The pop-up window tells me to write "I Love Starbucks" on Facebook. That I can't do. I love Dunkin' Donuts

The rest of the story is familiar to everyone who has ever taken Free iPad surveys.  You get into the funnel...


... and fill out a bunch of surveys and leave your personal info...


... and at some point you are gently prompted to install some spyware...



Needless to say, it is very unlikely that Starbucks has anything to do with this project. Giftinterest.com was registered on February 24, 2012 in private, and both coffee-blends-now.com and yesusrveymedia.com (the two domains that popped up in various fine prints) are registered to a company in India.

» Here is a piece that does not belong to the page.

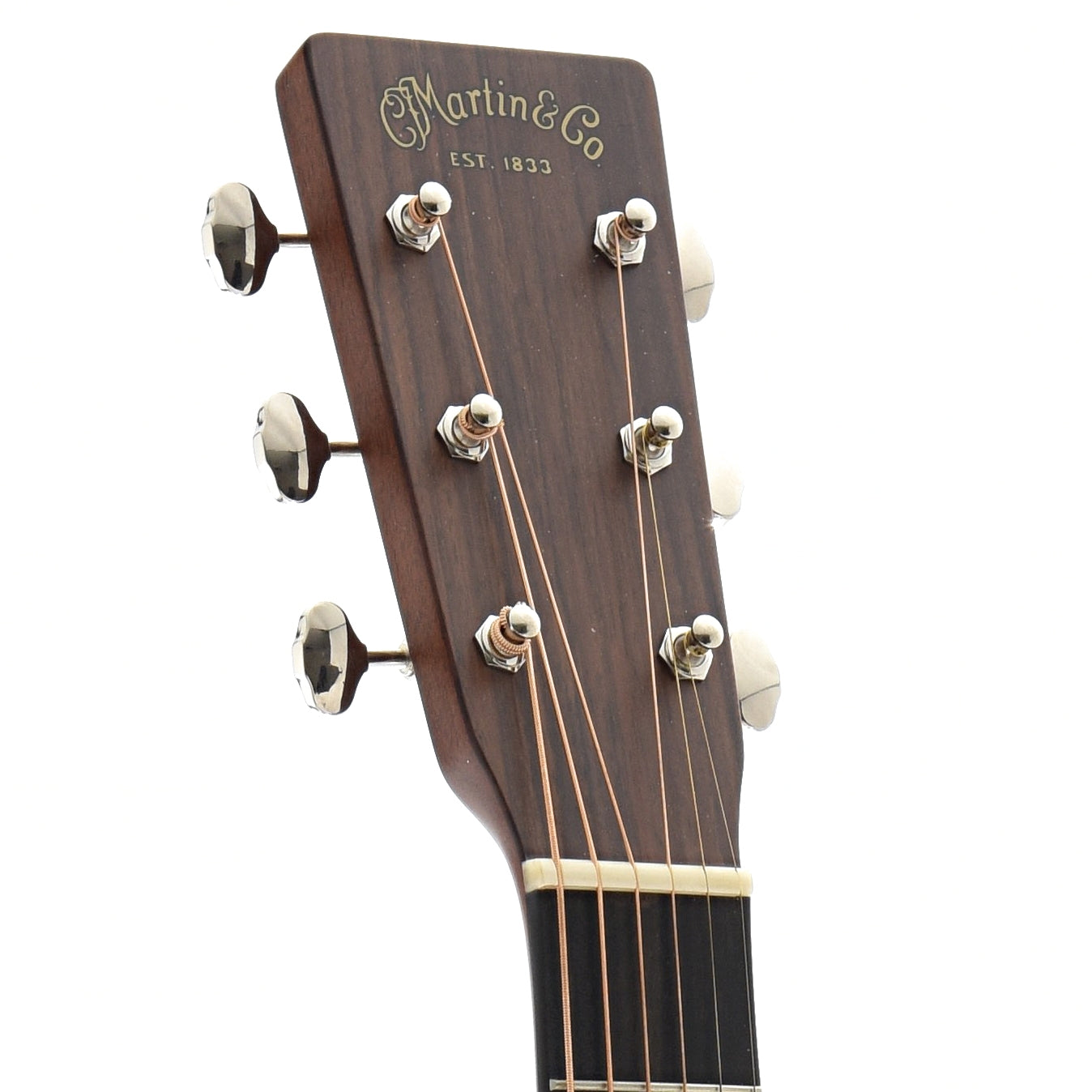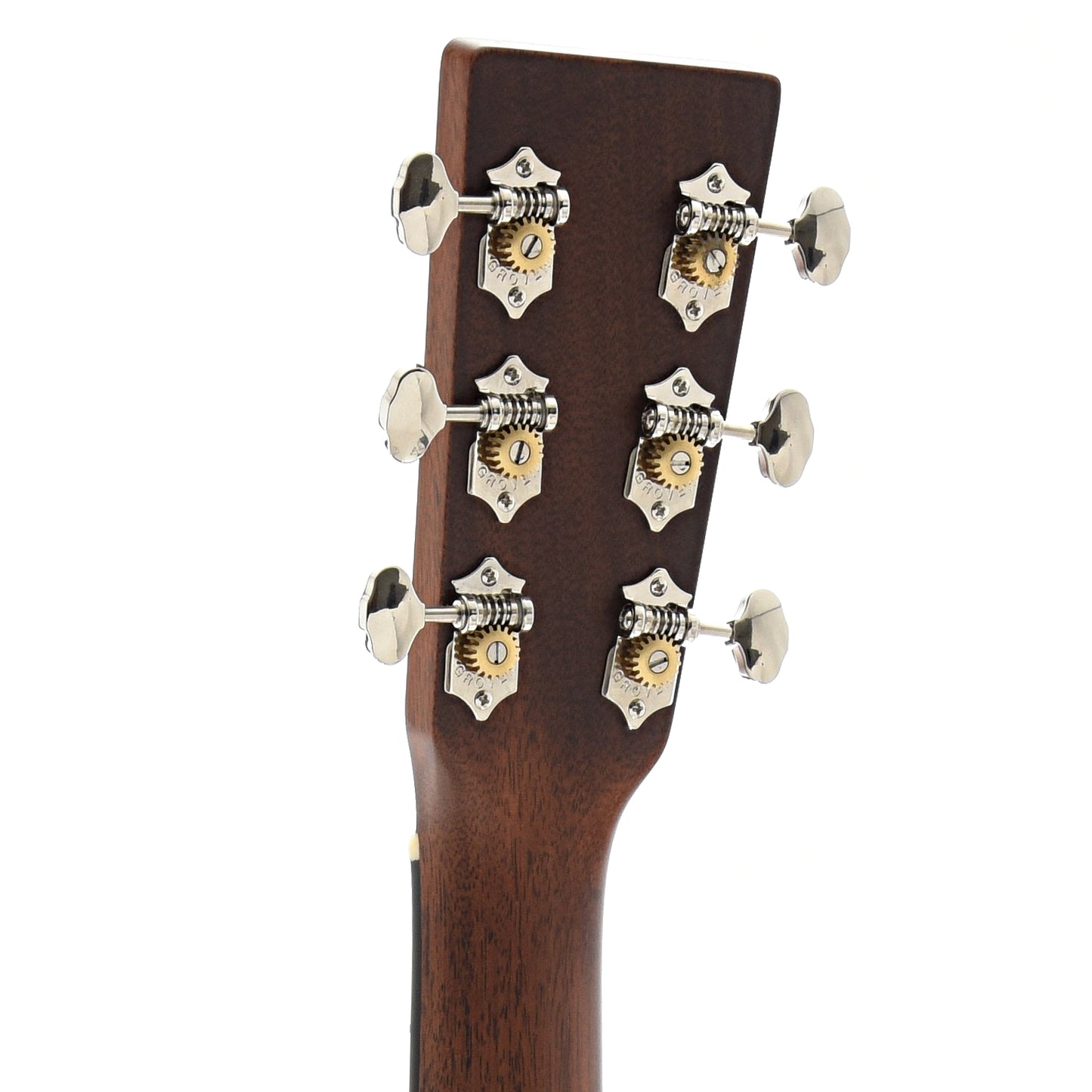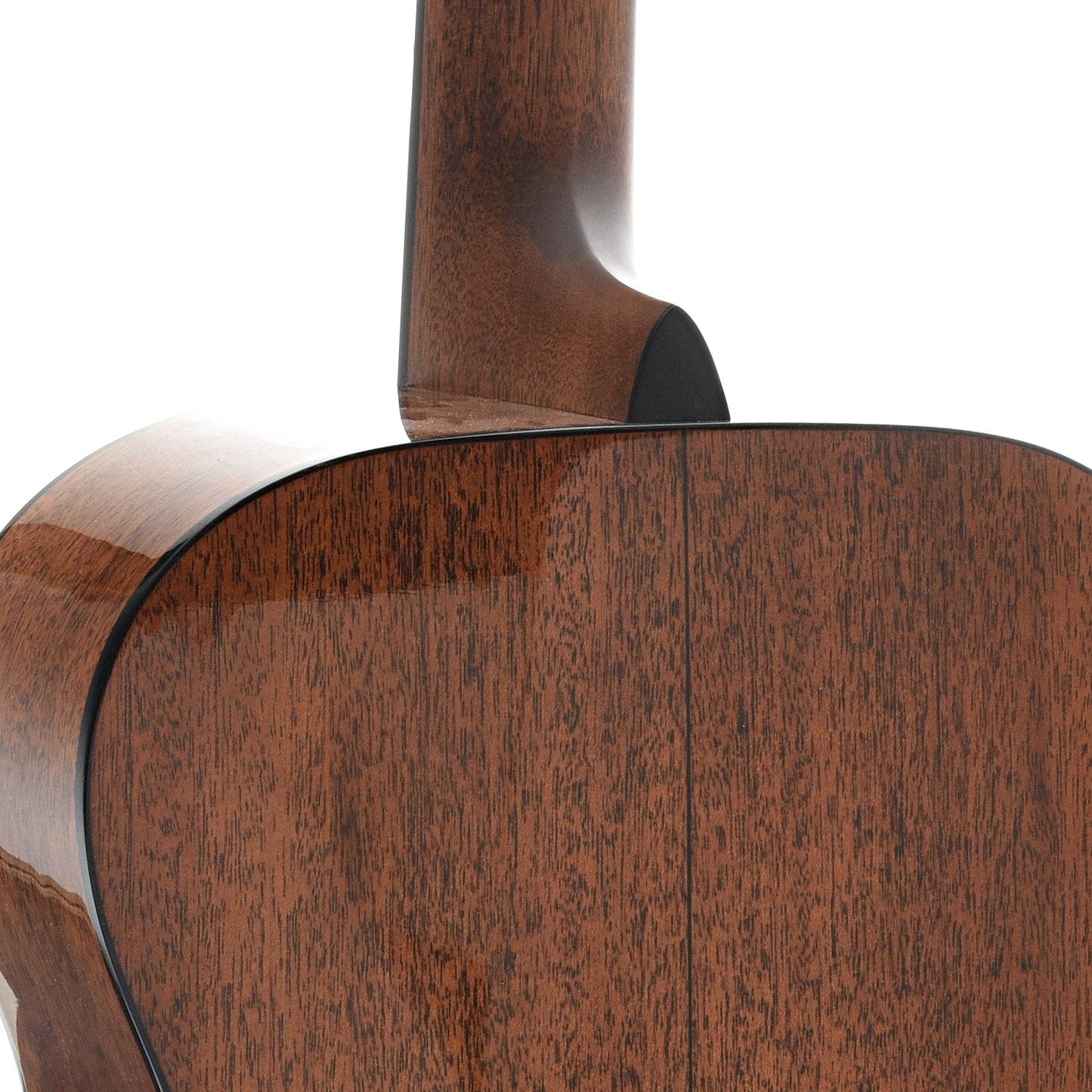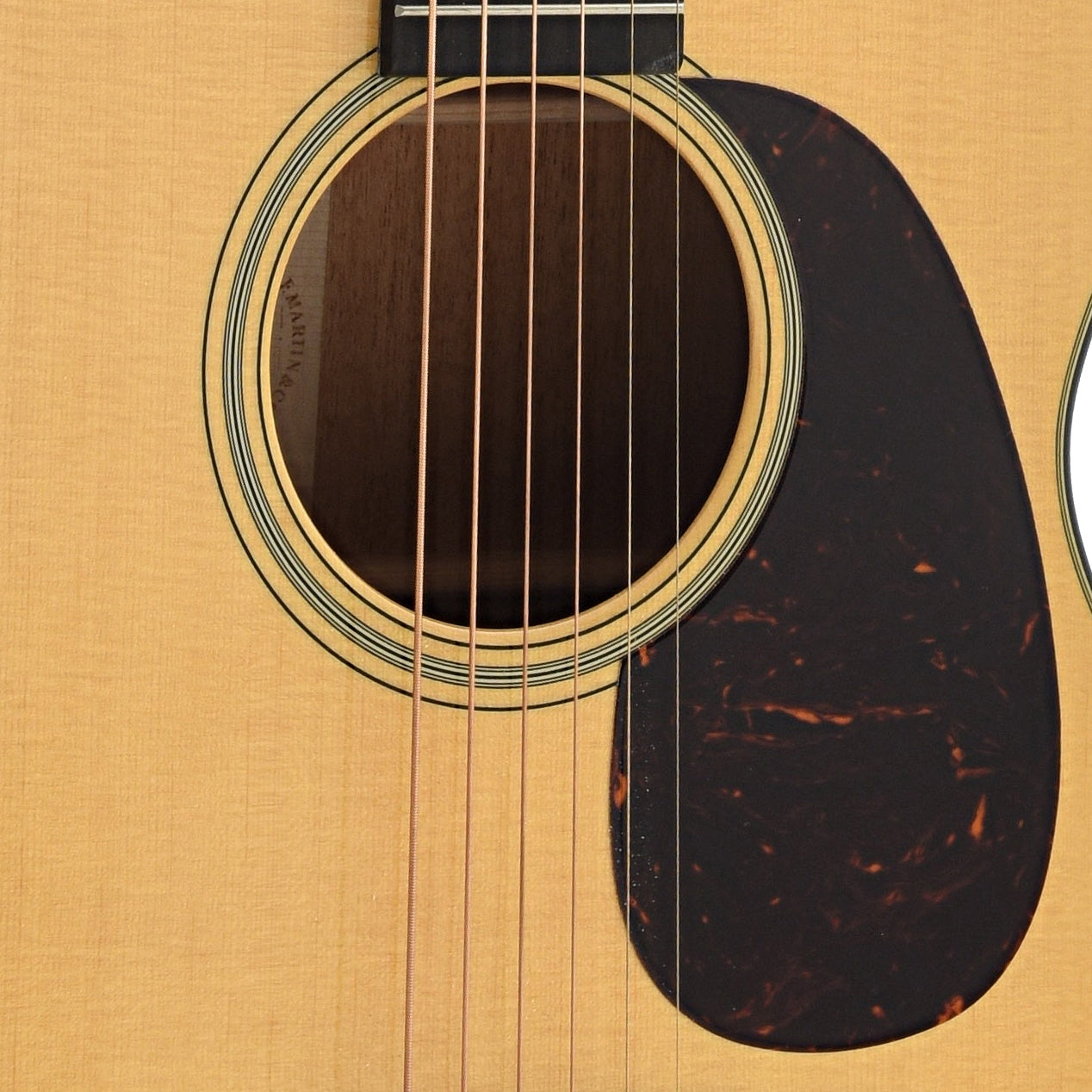 00-size body of solid mahogany & Sitka spruce, scalloped 1/4" top bracing, tortoise binding, layered black/white top trim, old Style 18 rosette, delmar tortoise pickguard. Modified Low Oval neck profile with Performing Artist taper (1-3/4" wide at nut, 2-1/8" at 12th fret, 2-3/16" string spacing at saddle), ebony fretboard (24.9" scale), old Style 18 abalone dots, nickel butterbean tuners. Full gloss body finish, aging toner on top. Martin wooden archtop hardshell case (#434), MSP7100 light gauge strings.

Bonus track:  An identical scam is promising free H&M cards to the unsuspecting pinners.

Update: Part II - How The Scammers Hijacked Facebook Likes

9 comments:

  1. Wow this is really eye opening on how persuasive advertisements can be. I would have fallen for this pretty quickly!!

    ReplyDelete
  2. Thanks, I pinned your post. Hopefully it helps soothe the burn.
    ---
    alw_ays

    ReplyDelete
  3. This is done every day on every website that exist. This is nothing new and is an old black hat marketing trick...

    I do not necessarily do these methods but have many co workers in the field that do. Currently that ad pays out about 1.50 to 1.80 for every person that enters their email so go figure how much this guy made if he/she didnt get caught doing so by the network their using.

    ReplyDelete
  4. Unfortunately this is not the only scam out there telling you "You won" but need to complete the following things...usually many things I could care less about. Example: 2 gold, 2 silver, stay with 2-3 atleast 2 for 30 days...yada yada yada. Age old saying: if it seems to good to be true, it almost always is! I personally have UNSUBSCRIBED many times, but they keep coming back like an old nightmare! NO one gives $100.00 to $1,000.00 gift cards for nothing in return. Just saying...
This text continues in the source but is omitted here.